Rees coughed, hastening forward. “What has Miss—Virginia,” he remembered in time, “done to cause you displeasure?” He tried to look his frostiest as he eyed the Frenchwoman.

Valentine glared at him. “This slattern who calls herself a parlor maid has made a mess of her ladyship’s belongings. I am absent for an evening, and she cannot serve her ladyship without leaving everything in disarray.”

He held up his hand to silence her and turned to the girl, who looked hardly more than seventeen, her eyes large with fright. “What is it that you have—ahem—supposedly done?”

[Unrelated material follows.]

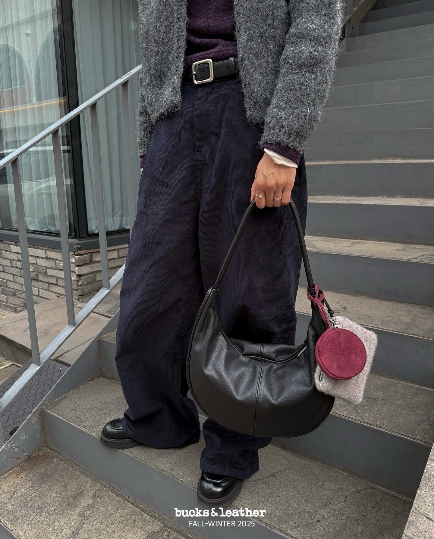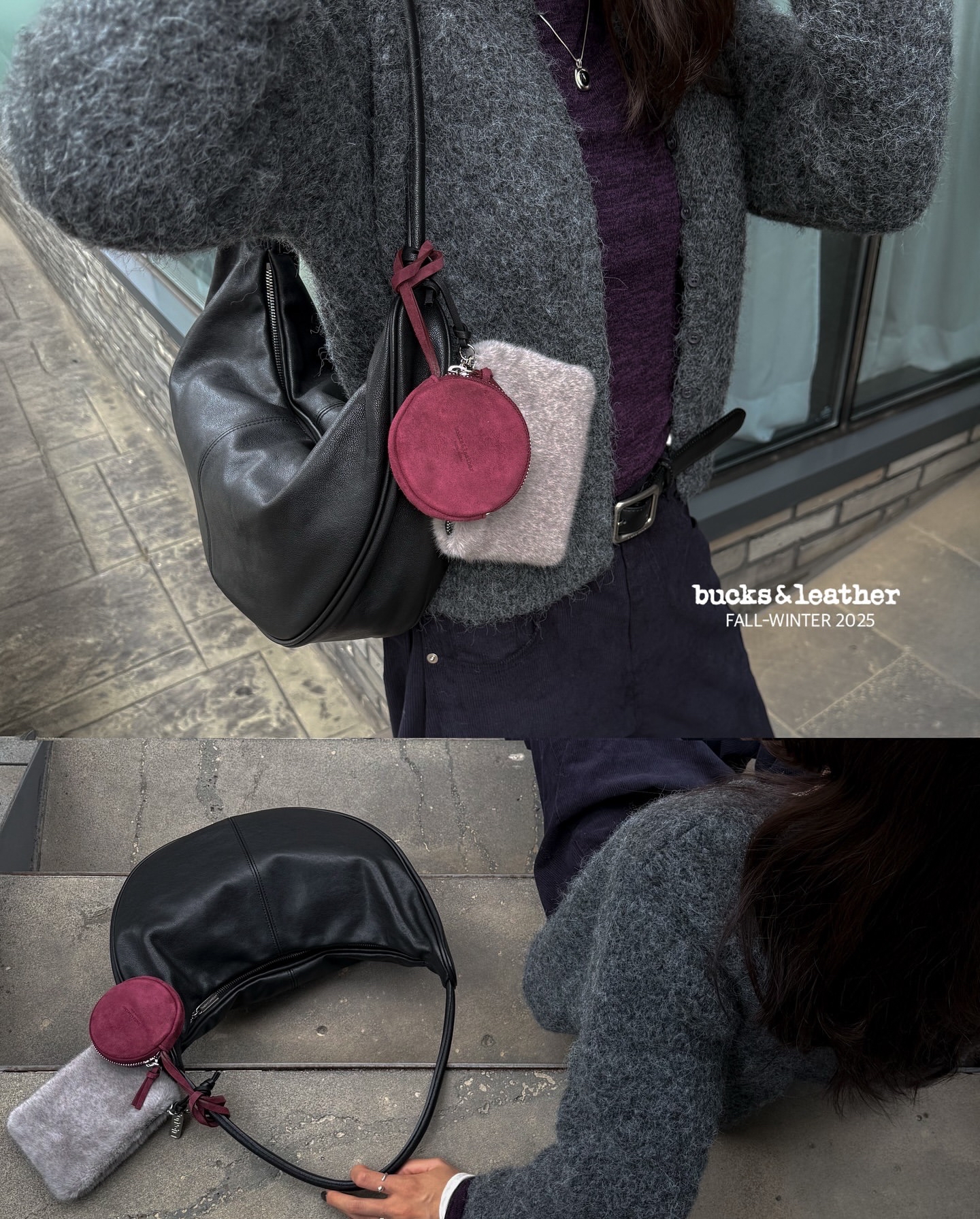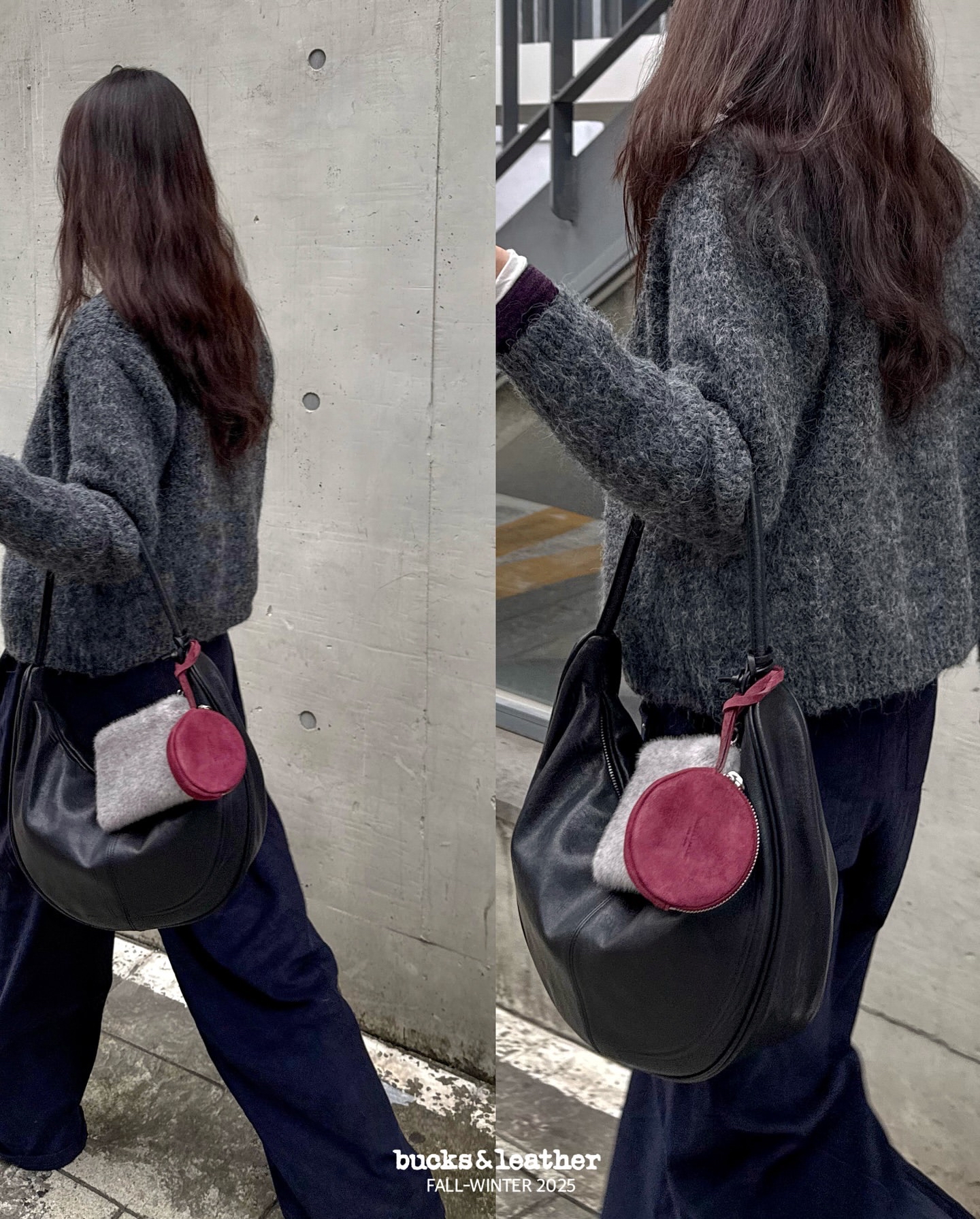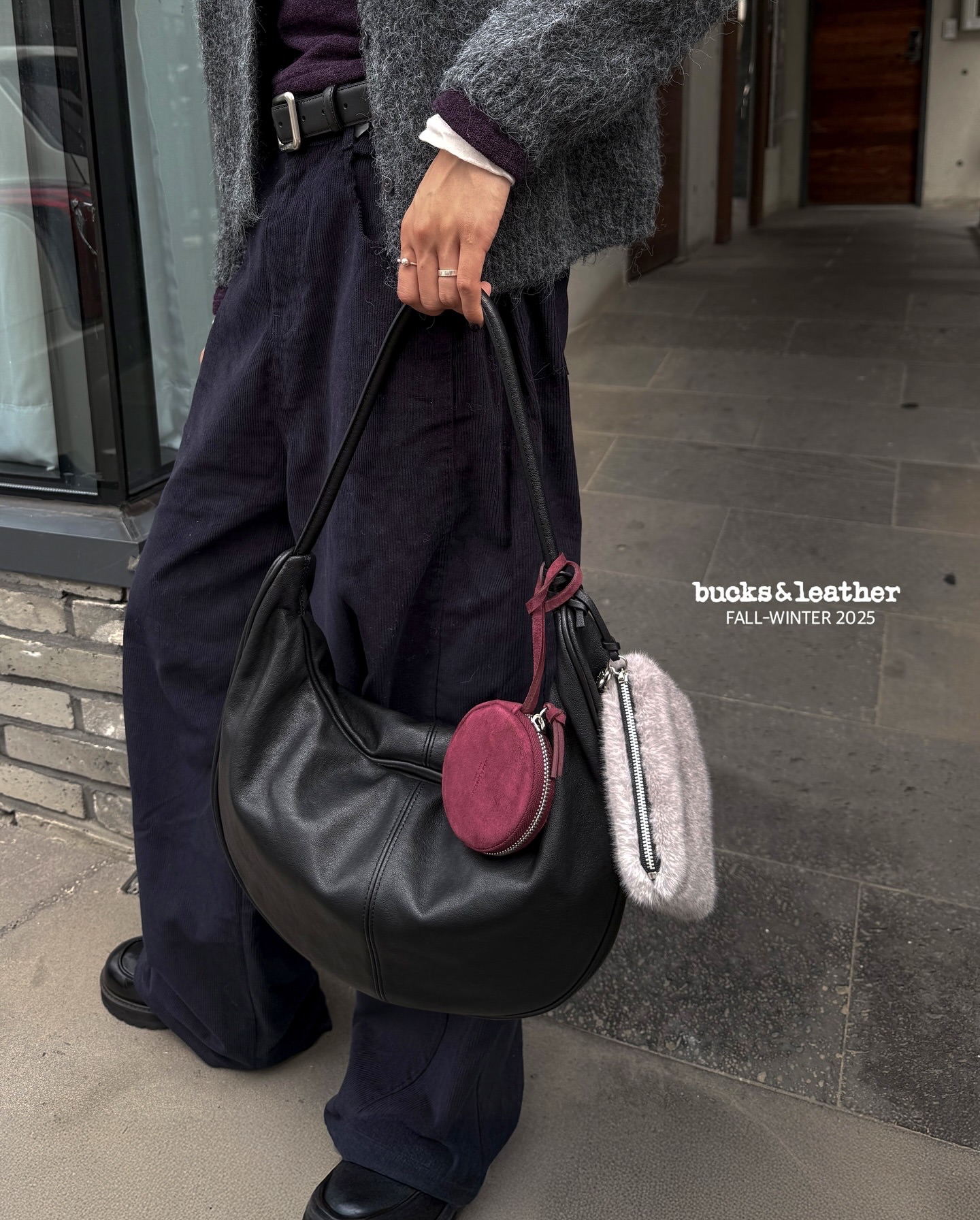 【25FW】預訂_羊皮/翻毛山羊皮弧線單肩餃子包 (L) By Bucks & leather

“Supposedly done!” Valentine’s dark eyes flashed at him. “There
is no supposed about it. She is a clumsy, ignorant—” Valentine lapsed into a string of French, ending with the clear
“cochon!”
Pig.

Rees could not let on that he understood her insults. “That is enough, Valentine.” He gave the other maid his attention once again. “Virginia, please continue.” He waited, his hand still held up to keep the other woman silent. Valentine only fumed at him, her arms crossed.

“If you please, Mr. MacKinnon . . . I’ve done nothing wrong.” The young woman was near tears. Casting fearful glances at Valentine, she continued at Rees’s nod. “Mlle. Valentine accused m-me of l-leaving a mess in her ladyship’s room the night h-her ladyship came home early, but, sir, Lady Wexham insisted I leave her things as they were. I-I tried to tidy up, sir, honestly I did, but she wished only for me to leave. She said that Valentine would take care of things in the morning—”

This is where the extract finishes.